==== Source data
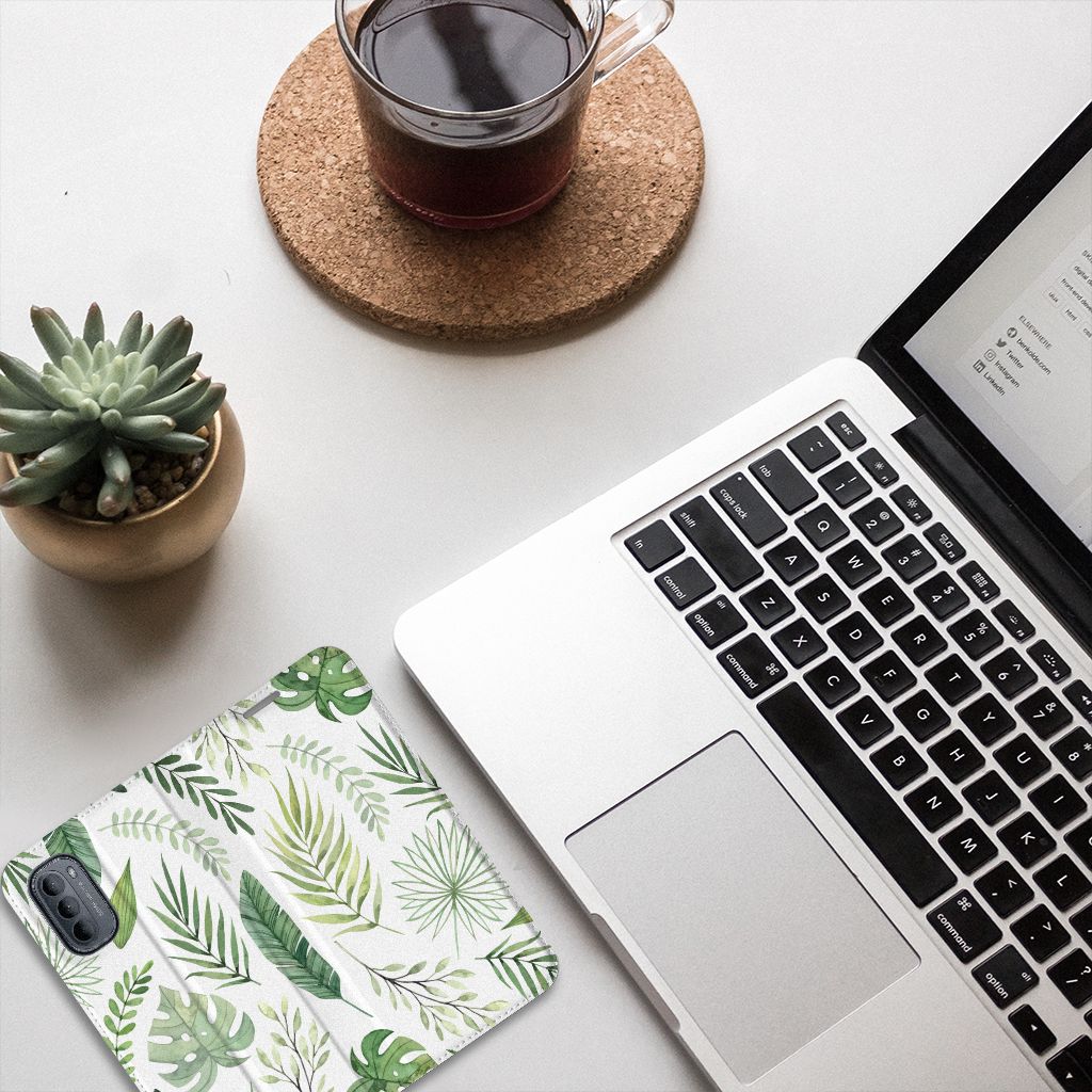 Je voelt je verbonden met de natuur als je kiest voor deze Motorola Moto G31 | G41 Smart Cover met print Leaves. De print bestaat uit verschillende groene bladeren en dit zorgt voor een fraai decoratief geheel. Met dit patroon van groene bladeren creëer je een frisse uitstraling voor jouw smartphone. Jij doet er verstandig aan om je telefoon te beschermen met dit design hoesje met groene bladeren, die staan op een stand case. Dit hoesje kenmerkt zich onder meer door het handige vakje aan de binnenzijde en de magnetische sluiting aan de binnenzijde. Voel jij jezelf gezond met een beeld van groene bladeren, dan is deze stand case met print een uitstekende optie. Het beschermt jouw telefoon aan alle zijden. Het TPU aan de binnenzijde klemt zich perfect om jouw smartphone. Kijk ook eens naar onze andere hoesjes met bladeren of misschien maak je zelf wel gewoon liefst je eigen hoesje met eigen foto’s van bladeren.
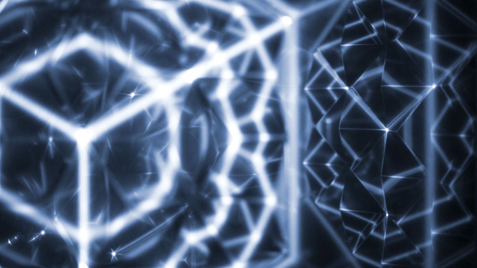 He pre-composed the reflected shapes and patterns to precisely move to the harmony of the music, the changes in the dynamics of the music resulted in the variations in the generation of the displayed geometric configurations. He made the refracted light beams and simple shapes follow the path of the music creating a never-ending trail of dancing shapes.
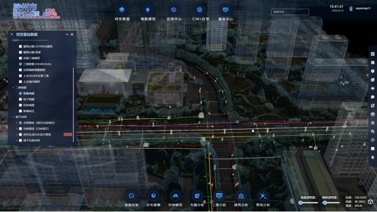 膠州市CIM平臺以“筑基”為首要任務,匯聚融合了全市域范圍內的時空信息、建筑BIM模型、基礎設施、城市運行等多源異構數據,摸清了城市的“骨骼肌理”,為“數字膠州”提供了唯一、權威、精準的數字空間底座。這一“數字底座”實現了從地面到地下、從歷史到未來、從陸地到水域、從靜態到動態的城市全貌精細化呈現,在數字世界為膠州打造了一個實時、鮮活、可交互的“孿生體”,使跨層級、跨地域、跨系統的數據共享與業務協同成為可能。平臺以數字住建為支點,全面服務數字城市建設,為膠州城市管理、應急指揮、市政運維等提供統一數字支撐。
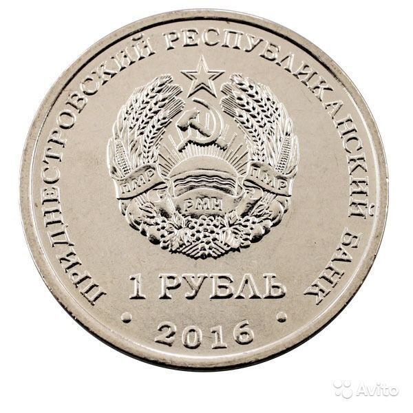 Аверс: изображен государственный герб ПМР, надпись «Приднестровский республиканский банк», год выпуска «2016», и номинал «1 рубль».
========
==== Source data
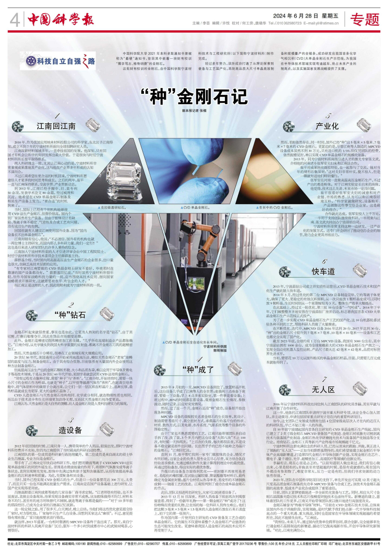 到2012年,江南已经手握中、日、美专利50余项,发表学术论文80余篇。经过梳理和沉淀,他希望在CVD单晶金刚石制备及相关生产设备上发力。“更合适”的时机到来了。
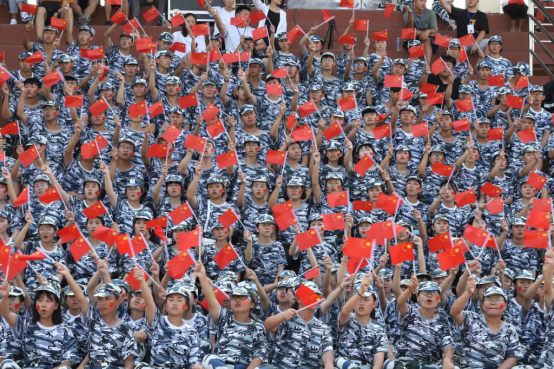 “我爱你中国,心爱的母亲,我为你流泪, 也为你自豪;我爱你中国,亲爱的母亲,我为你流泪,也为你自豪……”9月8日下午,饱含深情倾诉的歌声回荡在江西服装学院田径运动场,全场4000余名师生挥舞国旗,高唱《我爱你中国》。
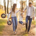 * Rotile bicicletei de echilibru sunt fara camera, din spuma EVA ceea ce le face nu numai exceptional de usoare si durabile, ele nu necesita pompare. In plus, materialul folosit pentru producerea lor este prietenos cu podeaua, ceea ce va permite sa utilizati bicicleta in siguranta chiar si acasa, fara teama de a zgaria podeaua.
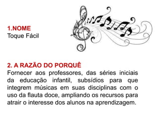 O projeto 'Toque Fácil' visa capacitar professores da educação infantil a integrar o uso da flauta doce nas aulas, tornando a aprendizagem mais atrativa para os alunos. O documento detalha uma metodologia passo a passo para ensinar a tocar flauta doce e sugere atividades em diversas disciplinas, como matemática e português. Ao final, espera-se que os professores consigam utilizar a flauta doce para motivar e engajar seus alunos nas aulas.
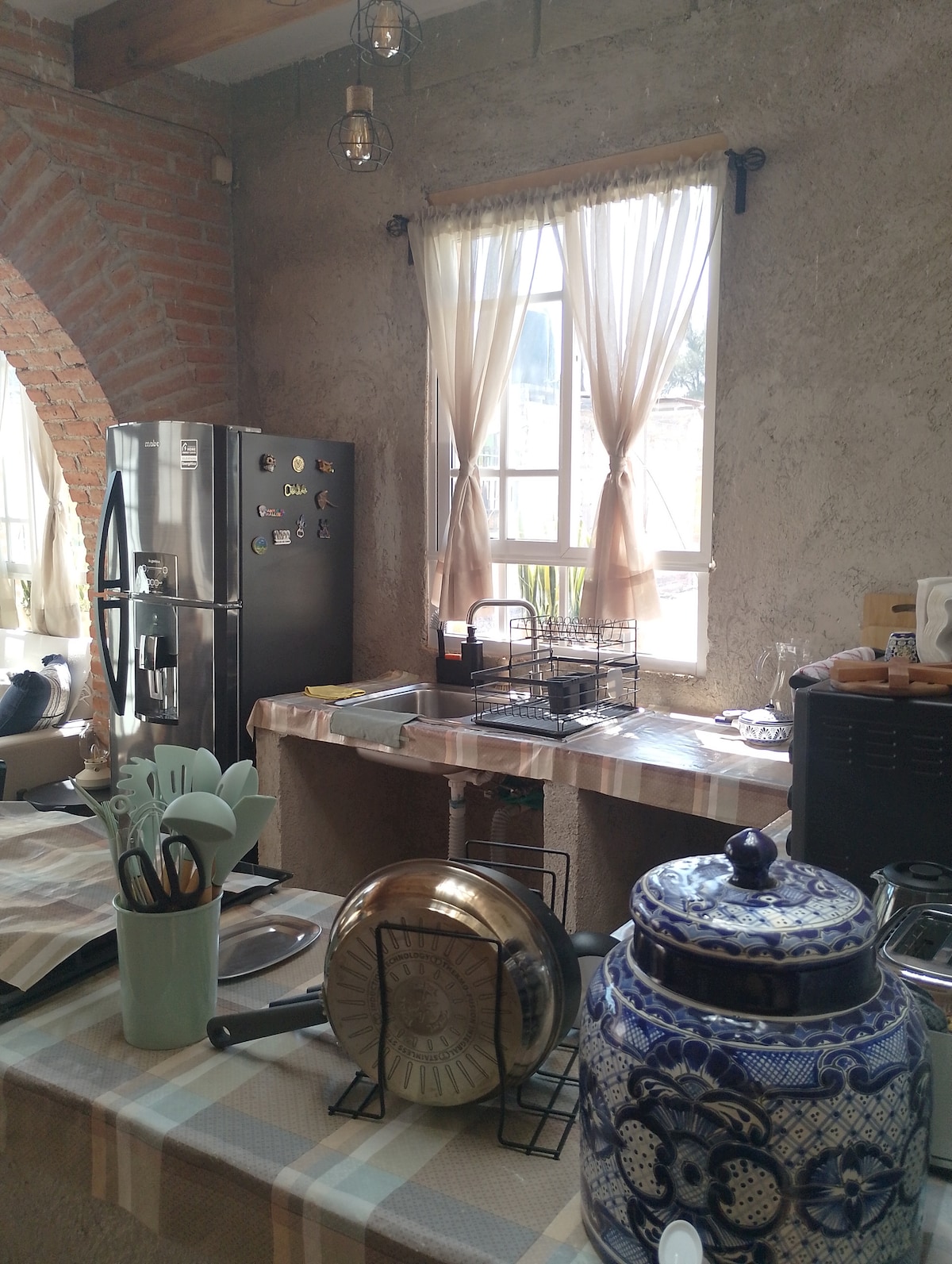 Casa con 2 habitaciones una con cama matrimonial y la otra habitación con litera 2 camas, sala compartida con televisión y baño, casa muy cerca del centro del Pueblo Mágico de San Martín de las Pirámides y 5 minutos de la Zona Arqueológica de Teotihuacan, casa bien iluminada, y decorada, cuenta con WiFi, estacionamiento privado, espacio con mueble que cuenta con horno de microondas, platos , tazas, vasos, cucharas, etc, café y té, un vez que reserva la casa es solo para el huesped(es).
========
§ **What the exercise asks**:
For this exercise, return exactly the lines above from the line with "He pre-composed the" through the line with "Аверс: изображен государственный", both included. Do not copy the pictures.

§ **Answer for the task**:
 He pre-composed the reflected shapes and patterns to precisely move to the harmony of the music, the changes in the dynamics of the music resulted in the variations in the generation of the displayed geometric configurations. He made the refracted light beams and simple shapes follow the path of the music creating a never-ending trail of dancing shapes.
 膠州市CIM平臺以“筑基”為首要任務,匯聚融合了全市域范圍內的時空信息、建筑BIM模型、基礎設施、城市運行等多源異構數據,摸清了城市的“骨骼肌理”,為“數字膠州”提供了唯一、權威、精準的數字空間底座。這一“數字底座”實現了從地面到地下、從歷史到未來、從陸地到水域、從靜態到動態的城市全貌精細化呈現,在數字世界為膠州打造了一個實時、鮮活、可交互的“孿生體”,使跨層級、跨地域、跨系統的數據共享與業務協同成為可能。平臺以數字住建為支點,全面服務數字城市建設,為膠州城市管理、應急指揮、市政運維等提供統一數字支撐。
 Аверс: изображен государственный герб ПМР, надпись «Приднестровский республиканский банк», год выпуска «2016», и номинал «1 рубль».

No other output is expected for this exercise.